John Moore, who stood nearest Thomas, finally spoke. “The river’s three hundred yards away!”
Thomas quickly looked up and down the line of people. “There are more than a hundred of you here. That means each person’s got to cover three feet. Now, do you want to save what’s left of the town or not?”
Moore’s wife, a Denver woman, laid her arm on his shoulder. “We’ve got to try, Johnny.”
Nothing more was said. One by one the crowd assented with a nod and, one-by-one, began to form a line to the river. A group of boys ran off to fetch buckets.
“Fill up the tank on the water wagon!” Thomas cried over his shoulder as he ran back toward the noisy cluster of men pushing Kelly’s buckboard. “Then take it to the end of the block and soak the walls of the Andrew’s house. If we can save that, we might be able to save the rest!”
The Chama News
Friday, July 11th, 1925
Grand Men of the Rio Grande Save Chama!
by
E. E. Wright
‘Our city was recently visited by a fire, which burned a block of business buildings, a room
ing house, and some other structures. We were lucky that the wind was not blowing, for the whole town was in danger of burning. The loss is estimated at $200,000, and only partly covered by insurance. The Rio Grande men are to be commended for their quick-thinking that resulted in creation of a fire break which, say witnesses, saved the town.
‘Witness Robert Alire is quoted as saying: “It was one _ell of an explosion! Blew the whole wall of the Mercantile to smithereens so there wasn’t nothing left for the fire to burn! Went out like somebody stomped on it.”
‘Witnesses were not able to identify what substance was used to cause the explosion.
‘Notice must also be made of the indefatigable and forward-thinking citizens who formed a bucket brigade all the way from the river and were able to saturate the exterior walls of Manby and Carlita Andrew’s house at the corner of 4th and Terrace. This reporter can testify first-hand that when the hose from the pump wagon was turned on the house, the walls steamed like mother’s teapot, and you could hear the paint contract fifty feet away.
‘The cause of the fire is unknown, but some women in town have suggested it was due to alcohol. This reporter thinks that unlikely, since Prohibition is in effect, a worthy law which locals are scrupulous to observe.’
Chapter Twenty
Lehigh Canal
Near Mauch Chunk, Pennsylvania
Thursday, October 20th, 1879
“Them boots’ve yers worn through yet?” Sadie asked.
“Not yet.”
“Damn.”
“Mind your tongue.”
“How far is west, anyways? We been walkin’ since ‘alfway to Creation.”
She had a point. America was proving to be a very big country, and the soles of his boots had evidently been made with a long trek in mind. Not that they were getting much wear on the soft brown grass along the towpath.

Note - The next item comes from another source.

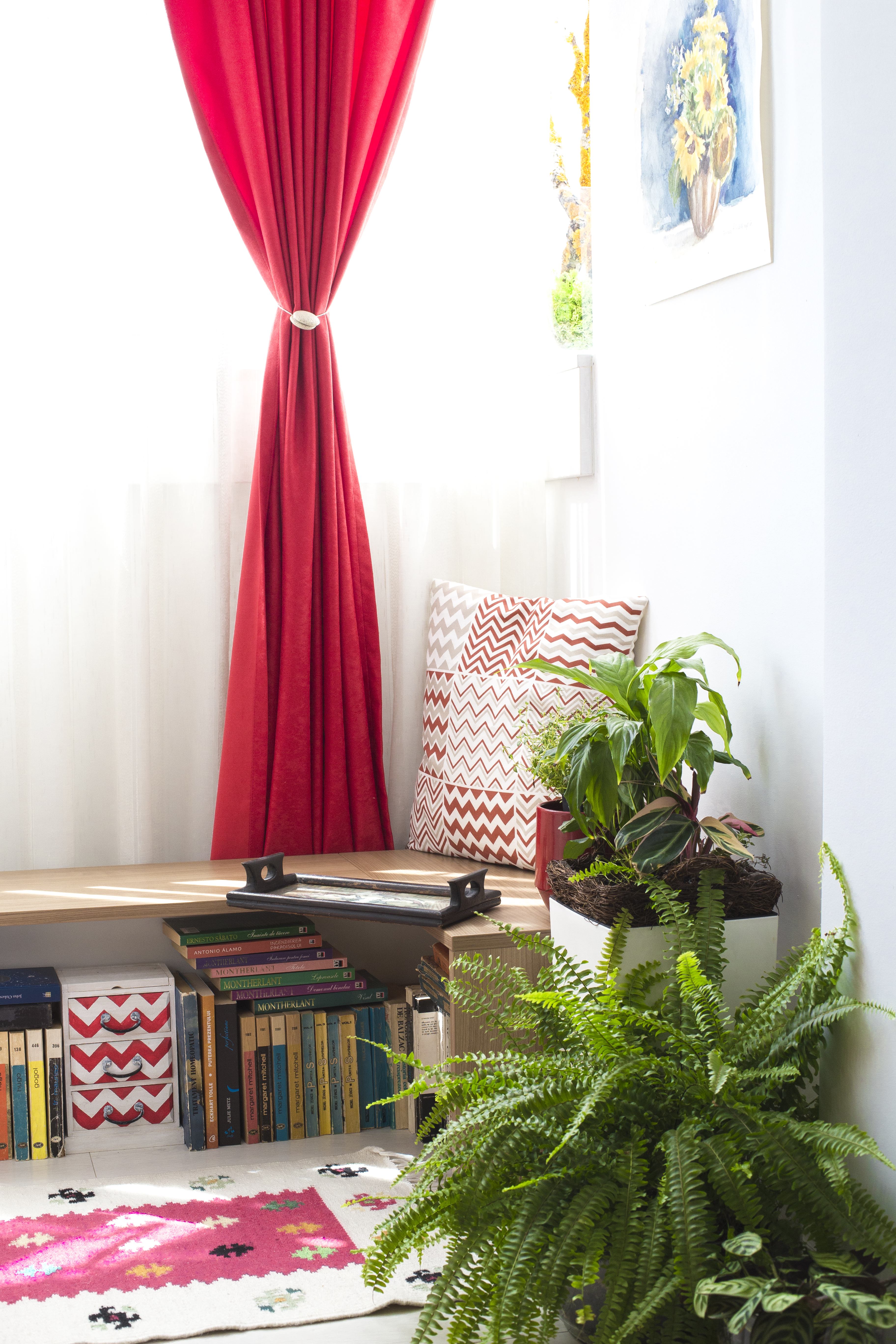 În cameră, tonurile au fost alese astfel încât să se completeze reciproc. Tavanul și pereții sunt albi, iar podeaua are tot o nuanță deschisă. Acestea contrastează cu canapeaua de un roșu aprins, care concentrează toată atenția atunci când pășești înăuntru. Balanța culorilor e echilibrată de nuanța maronie a lemnului din care care sunt realizate panoul din spatele televizorului, biroul, dulapul de haine și câteva spații de depozitare mai mici. De asemenea, depozitoarele din stuf sunt realizate manual. Pentru a păstra tonalitatea, deasupra canapelei sunt așezate tablouri alb-negru, în timp ce ghivecele cu plante mai „înverzesc” puțin atmosfera.
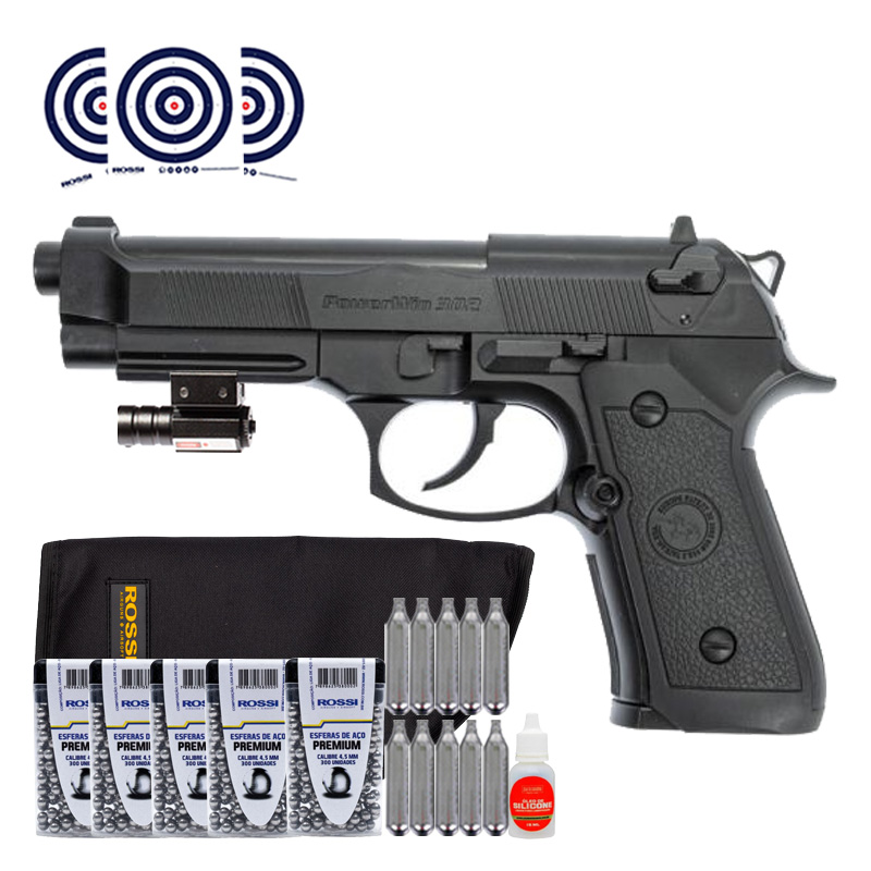 Pistola CO2 GNB Beretta M9 Rossi 6mm + Capa Combat + Mira Laser + Esferas + CO2 + Oleo + Alvos

Unlike the canals he’d seen in Ireland, many of which were entirely man-made and arrow-straight, this canal – which the locals called the Lehigh – had been laid along the course of a river, and meandered maddeningly. Though boatmen they encountered assured them the canal “tends westerly,” Thomas reserved doubt as, hour-after-hour, for the last two days, the sun had remained obstinately to their left. By his reckoning, they’d put nearly fifty mostly north-bound miles between themselves and Phillipsburg. The decision to follow the canal – rather than the faster gravel road or train their pursuers might have expected them to take – had, at least as regards being captured, been a good one. But Thomas hadn’t the confidence yet to accost the bargemen for a lift, either as paying passengers or workers. If they were recognized by some passer-by, they would be trapped.